DIRECTIONS: Once the pictures are set aside, copy the data below exactly as it stands.

==== AVAILABLE DATA

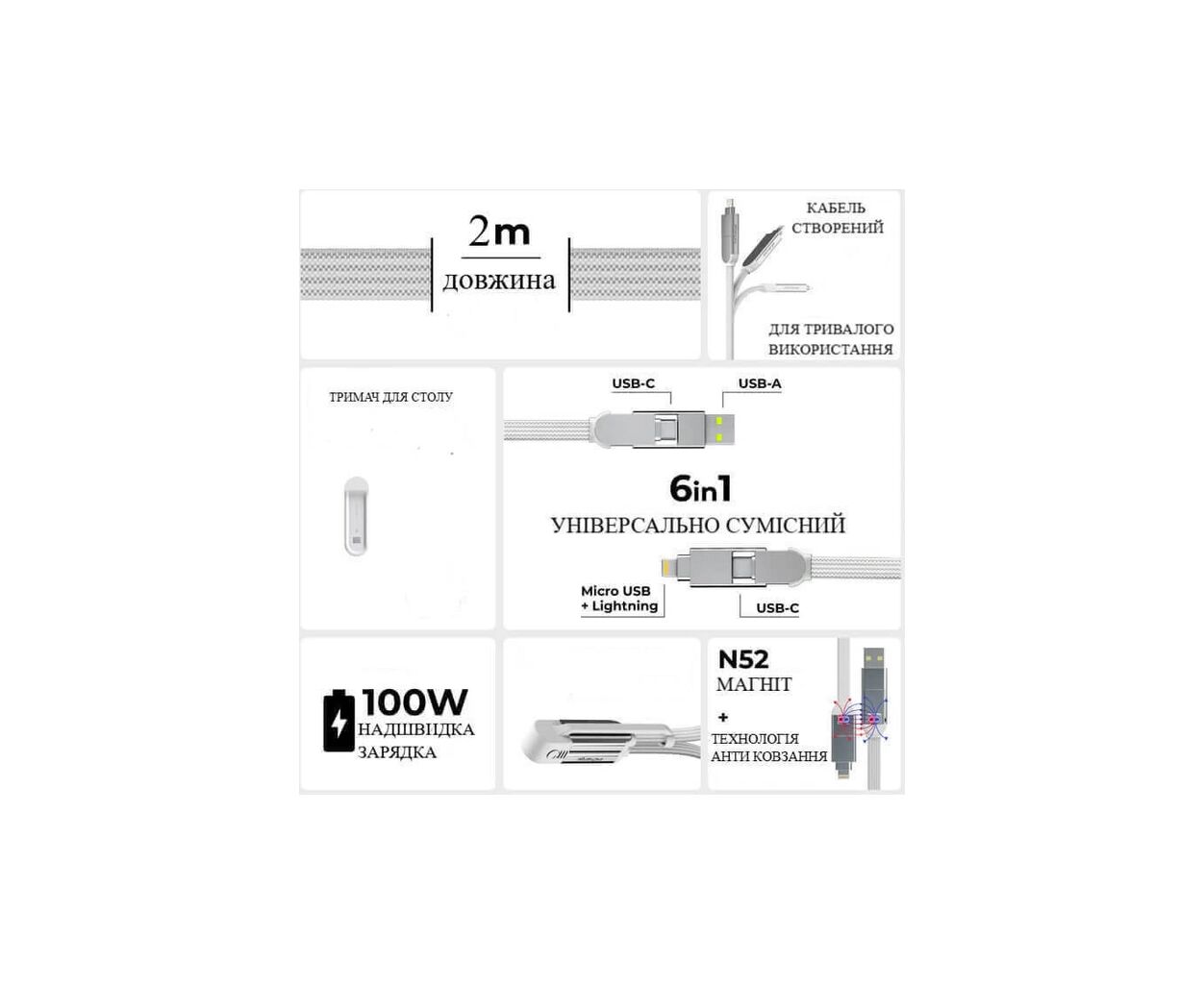 • 6 в 1 — підтримує всі популярні типи з’єднань: USB-A → USB-C; USB-A → Lightning; USB-A → Micro USB; USB-C → USB-C; USB-C → Lightning; USB-C → Micro USB
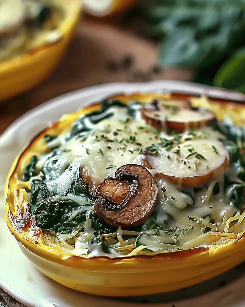 Now it’s time to bring everything together! Fold the creamy spinach mixture into your prepared spaghetti squash strands. Make sure to evenly distribute the spinach and sauce throughout; this ensures every bite is bursting with flavor.
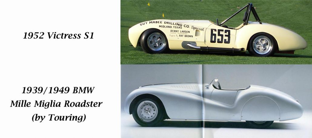 - Here’s The Profile Of The BMW 328 Mille Miglia. You Can Note The Similarity Of It To The Victress S1 In Many Ways. Keep In Mind That The Wheelbase of the BMW Was Just 94.5 Inches – Nearly Identical to the Smaller Fiberglass Cars of the 1950’s Which Had A 94 Inch Wheelbase.
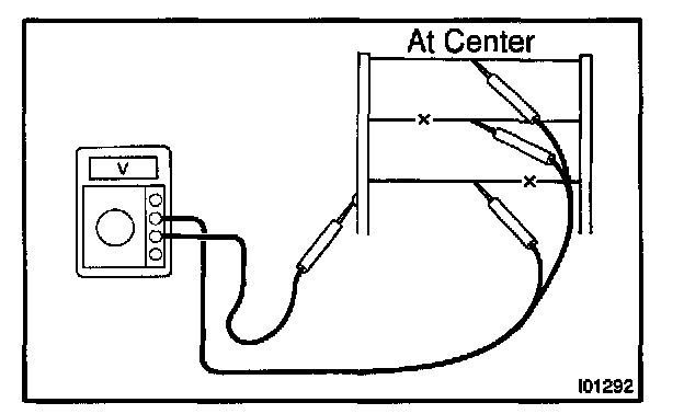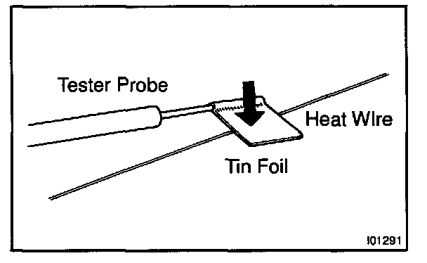 HINT: If the heat wire is not broken, the voltmeter indicates 0 V at the positive (+) end of the heat wire but gradually increases to about 12 V as the meter probe is moved to the other end.

========

OUTPUT OF THE EXERCISE:
 • 6 в 1 — підтримує всі популярні типи з’єднань: USB-A → USB-C; USB-A → Lightning; USB-A → Micro USB; USB-C → USB-C; USB-C → Lightning; USB-C → Micro USB
 Now it’s time to bring everything together! Fold the creamy spinach mixture into your prepared spaghetti squash strands. Make sure to evenly distribute the spinach and sauce throughout; this ensures every bite is bursting with flavor.
 - Here’s The Profile Of The BMW 328 Mille Miglia. You Can Note The Similarity Of It To The Victress S1 In Many Ways. Keep In Mind That The Wheelbase of the BMW Was Just 94.5 Inches – Nearly Identical to the Smaller Fiberglass Cars of the 1950’s Which Had A 94 Inch Wheelbase.
 HINT: If the heat wire is not broken, the voltmeter indicates 0 V at the positive (+) end of the heat wire but gradually increases to about 12 V as the meter probe is moved to the other end.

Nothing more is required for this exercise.